My Stardust Melody, Chapter 20

Jun 18, 2012 06:23


               As if he'd heard his name, Reid came out of the bedroom and marched past them to the kitchen.  "I'm hungry.  Is there any food here?"

"I don't know, Reid.  Neither of us has looked," Nathan said patiently but rolled his eyes at Luke.

Reid didn't bother to reply as he rummaged through a cabinet and came up with nothing.  There was nothing in the refrigerator either other than some baking soda.  In the freezer, however, he found several frozen microwavable entrees.  "Hallelujah.  Chicken alfredo," he crowed.   He looked in another cabinet and found some canned soups and a large bottle of vodka.

"Save some for us!" Nathan directed, eliciting a snort from Reid.  Nathan always complained that Reid ate everything when they lived together.

"Can I help?" Luke offered.  When Reid looked at him as if he were crazy, Luke said, "My foot is feeling better."  Reid just ignored him and went about collecting a plate and silverware.

Reid heated up the chicken in the microwave and poured himself a glass of water.  What was Luke's new game that he was suddenly willing to help Reid?  First a truce and now an offer of help?  Reid didn't understand Luke at all.  He'd spent the last hour coming to the conclusion that he would no longer care one way or the other about Luke Snyder, but here Luke was again confusing him, making him wonder.  There was no equilibrium around the blond.

Sitting alone at the table, Reid eyed Luke over the steam from the gloppy alfredo sauce.  He hated to admit it, but it had hurt when Luke had essentially called their night together a one-night stand, even if Reid was the one to use those words.  And after trapping Reid into agreeing that neither of them had been "invested," he insisted on that stupid truce.   A truce?   Like he could stomach listening to Luke gush about his new horse farm and how it connected him to his father.  God, Luke could lay it on thick with those dreamy eyes and sweet smile.

The worst part for Reid was knowing that Luke's crap somehow got to him.  Luke Snyder could have a stamp on his head that said "duplicitous" and it wouldn't matter.  Part of Reid yearned to believe what Luke would say even though he knew it was untrue.  Reid hated himself for that weakness.  It was no better than the times his mother had claimed she'd come home to spend time with Reid but chose to go out with some random guy.  He'd wanted to believe her, too, and it always felt like a knife stabbing him when she didn't come home.  Every single time, part of him hoped she was telling the truth.

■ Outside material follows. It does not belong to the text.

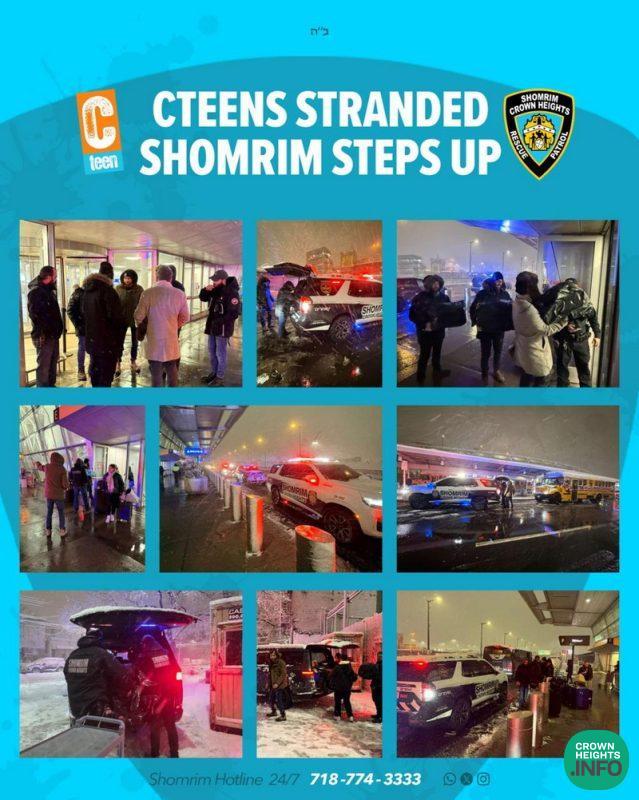 Shomrim responded swiftly to an urgent call from CTeen leadership to assist approximately 150 CTeens stranded at JFK Airport. Three vehicles and seven dedicated volunteers delivered food and water and provided critical logistics and transportation support, including assistance for an additional group of teens staying at a nearby hotel. In addition, Shomrim arranged and coordinated two buses to transport groups of teens back to Crown Heights.
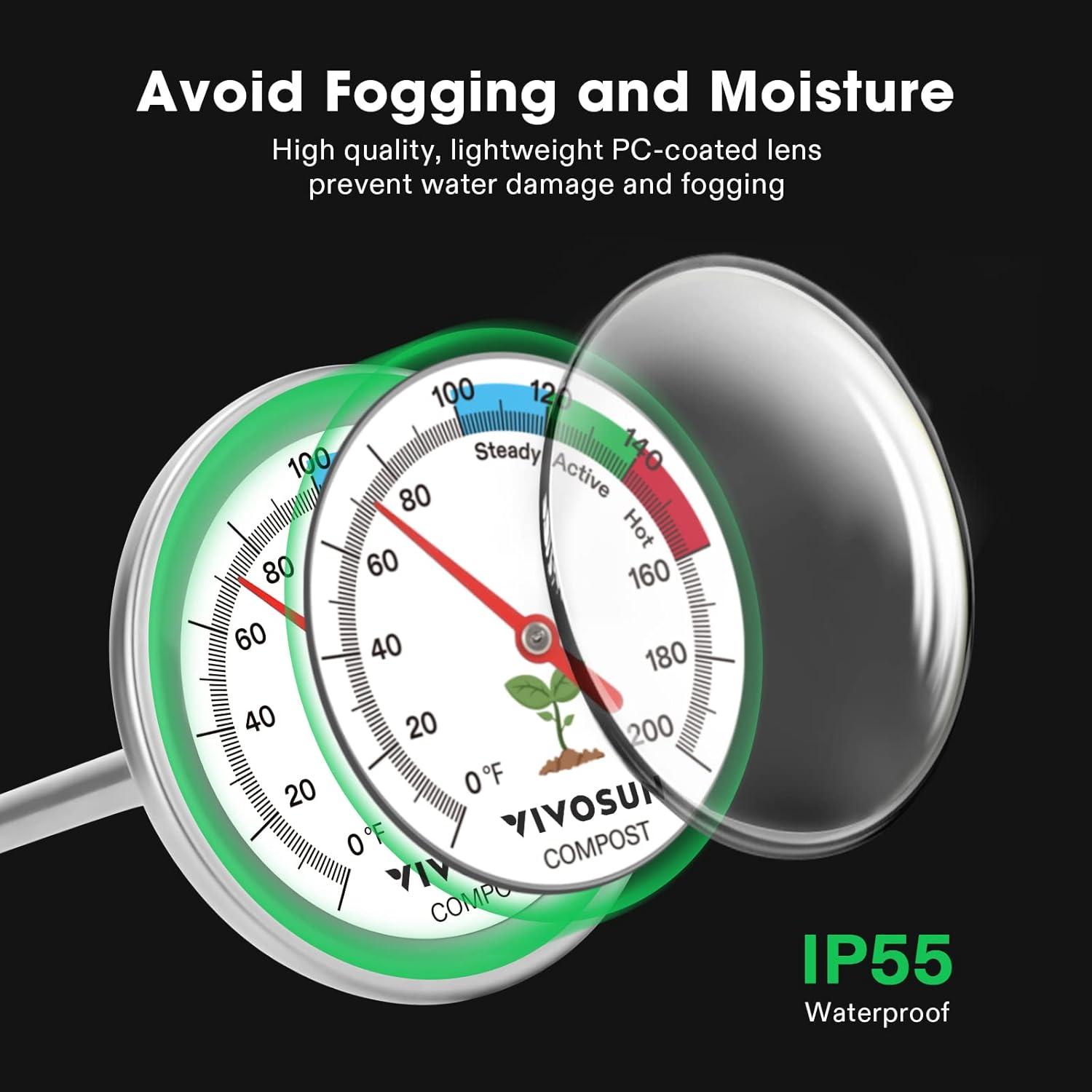 Accurate & Clear Reading: IP55 waterproof PC-coated lens is sealed to keep out moisture and avoid fogging for easy & clear reading; Only ± 2°F accuracy so you know your compost pile’s true condition and can optimize accordingly

Well, fuck Luke Snyder if he thought he could have that kind of power of Reid.  Reid was twenty years older and a hell of a lot harder than the little boy who clung to his mommy.  He could withstand whatever the blond threw his way.

And screw Nathan for bringing up his parents earlier in the car and making him think about this.  Reid had spent a lifetime learning not to give them a single thought.  Where was that discipline now?

Reid watched Luke get up and wander over to his bag that was on top of the piano.  His foot must have been feeling better because he barely limped.  Luke opened a side-pocket and pulled out several medicine bottles.  His anti-rejection meds, Reid realized.  Thank God he brought those or we might be in some real trouble.  Seeing the bottles discomfited Reid.  He tended to forget that Luke's past was not all rosy.  It was easier to think of him as spoiled and indulged, rather than having faced any hardships.

Luke stacked the bottles on top of the piano.  Then idly, he lifted the lid to the keys and played a couple notes.  With his back turned to Reid, the doctor was able to absorb how Luke looked in his fitted black jeans and grey sweater.   Somehow when the wet snow dried, it tousled Luke's hair perfectly.  Well, if Luke had one redeeming quality, Reid supposed it was the blond's good looks.

"Do you play, Luke?" Nathan called out from the sofa on the other side of the room.

"Not as much as I used to," Luke replied, shutting the lid.  He whirled around as if he'd been caught doing something naughty.

"Are you any good?" Nathan asked.

Luke shrugged and blushed.  Reid could see the pink spread across his high cheekbones from across the living area.  "I'm okay," Luke replied, "but I'm probably pretty rusty."

"He's excellent," Reid interjected.

Both Luke and Nathan both looked at him in surprise.  He wasn't sure if the astonishment came from the fact that he knew about Luke's skill or that he'd just complimented the younger man.  It was probably the latter on second thought.

"How do you know?" Luke asked, his large brown eyes even wider than usual.

"I heard you play in New York at the mansion.  Liebestraum, I believe."

"I didn't know you heard me," Luke said quietly.

Reid just shrugged.  "You were good."  He wasn't about to tell Luke that listening to him play felt like the musical equivalent of operating on a gorgeous brain.  He couldn't tell Luke that his nerves had sung with every note and that he had been awed by the grace and beauty of the piece.

And he wasn't going to tell Luke that it saddened him to think of such potential wasted.  Luke had so many gifts, and he just threw them away in pursuit of a lifestyle that Reid couldn't even comprehend.  It honestly angered him that someone would waste their intellect and talent like Luke did.  He could have been so much more.

"Well, I'm bored and don't feel like eating yet.  Play something for us, Luke," Nathan pleaded.  "If it won't hurt your foot," he amended.

Luke looked doubtfully down at his hands but said, "I guess I could try.  I use my right foot on the pedals mostly anyway.  I just won't be able to play any pianissimo parts well."

"I'm pretty sure neither of us will notice a thing," Nathan replied kindly.

"Okay," Luke said nervously and sat down on the bench.  He paused for at least five seconds, running his hands lightly down the keys of the Steinway.  Quickly he tested their sound and then seemed to be struck by his muse.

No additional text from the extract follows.